In this latter part of the novel a lot of the communication between Paul and Elinor consists of reproductions of their letters to each other. In one of these Elinor notes that the women in her circle keep quiet when men talk about the war (although they’ve not been in it) and compares that to the Iliad, where the girls whom Agamemnon and Achilles quarrel over “say nothing, not a word,” adding, “I don’t suppose men ever hear that silence.” This is a thought Barker would develop in her later Women of Troy books.

Barker’s writing is smooth, almost imperceptible. Accomplished as always.

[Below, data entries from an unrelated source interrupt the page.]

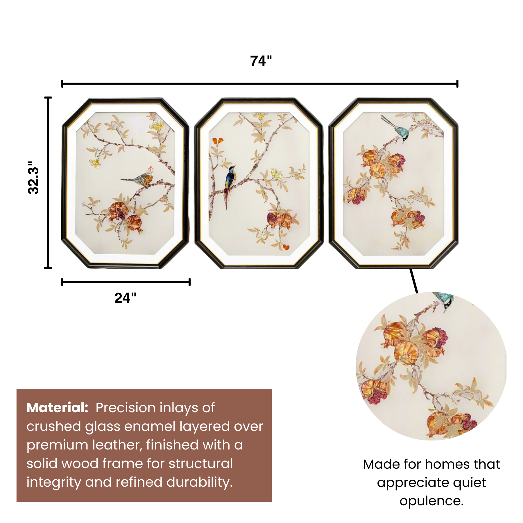 Material: Precision inlays of crushed glass enamel layered over premium leather, finished with a solid wood frame for structural integrity and refined durability.
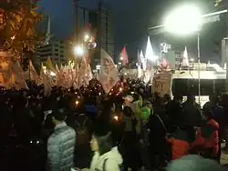 The revelations about the relationship between Park Geun-hye and Choi Soon-sil caused mass demonstrations in Seoul.[74][75] Protesters called for the resignation of Park Geun-hye.[76] On 12 November, more than one million citizens participated in the protests at Gwanghwamun Square close to the presidential residence demanding President Park's resignation or impeachment.[77] On 19 November, another one million people participated in the national protest after Park refused to help the investigation of her abuse of power.[78][79] On 26 November, more than 2 million people participated in the protest, calling for the resignation of Park.[80] Protests went on, and on 21 January 2017, a 13th protest was held in Seoul with more than 200,000 attendees.[81]
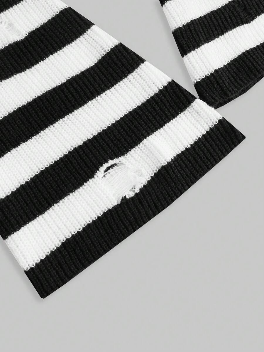 Grunge Punk Women's Striped Super Short Hooded Sweater
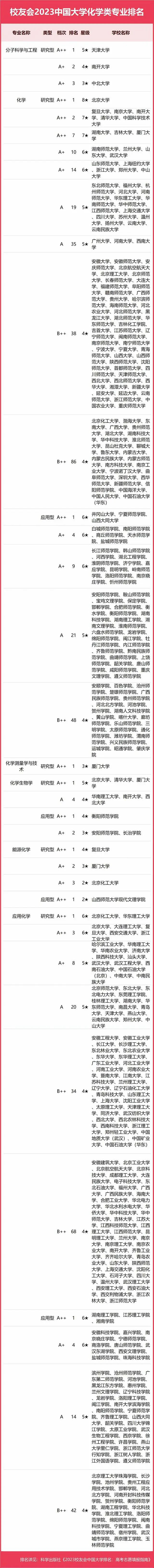 2023中國大學(xué)化學(xué)類專業(yè)排名
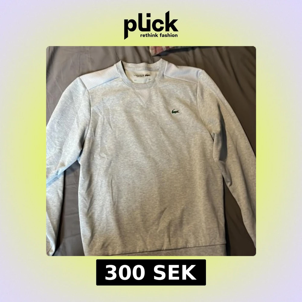 Säljer en stilren ljusgrå sweatshirt från Lacoste med klassisk krokodillogga på bröstet. Tröjan har rund halsringning, långa ärmar och ribbade muddar. Perfekt för en avslappnad och sportig look.
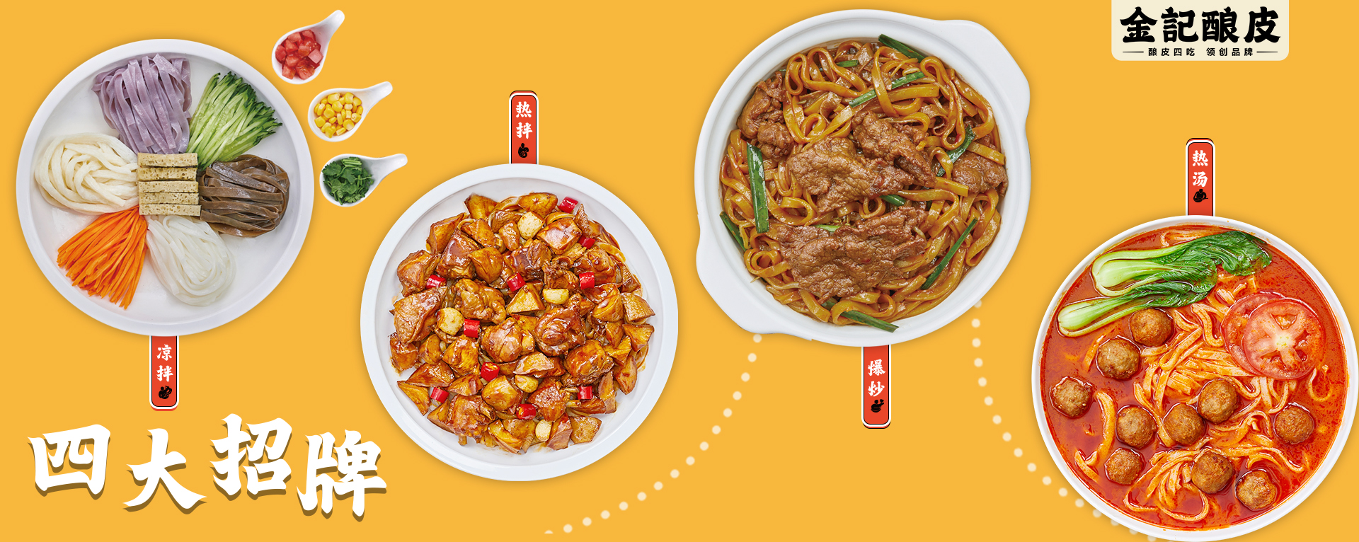 金記釀皮是以釀皮為核心產品的中式快餐連鎖品牌,店面采用釀皮現蒸的做法,提升了行業釀皮制作的新標準,解決傳統前店后廠的重模式,形成了以釀皮四吃 (涼拌、熱拌、爆炒、熱湯)為核心的差異化定類,突破品類季節性的限制,金記釀皮致力于打造全國快餐連鎖代表品牌。

Pedant’s corner:- Elinor’s hair style is inconsistently described as cropped, bell shaped, or tied back with a ribbon. The knee wound Paul sustains in a bombardment is also seemingly forgotten at times in later passages.

Hex by Jenni Fagan

Polygon, 2022, 112 p

On a cold December night in Edinburgh in 1591 Geillis Duncan awaits execution in the morning for the crime of witchcraft. She is visited in spirit by Iris, a woman from our own time, who calls herself a time traveller and a modern-day witch.

Historically 1591 was the height of the hysteria against witches encapsulated by James VI’s Daemonologie and Geillis Duncan was one of the victims of the North Berwick witch trials.

The scenario gives Fagan the platform to outline the misogyny behind the witch hunts and its prevalence today.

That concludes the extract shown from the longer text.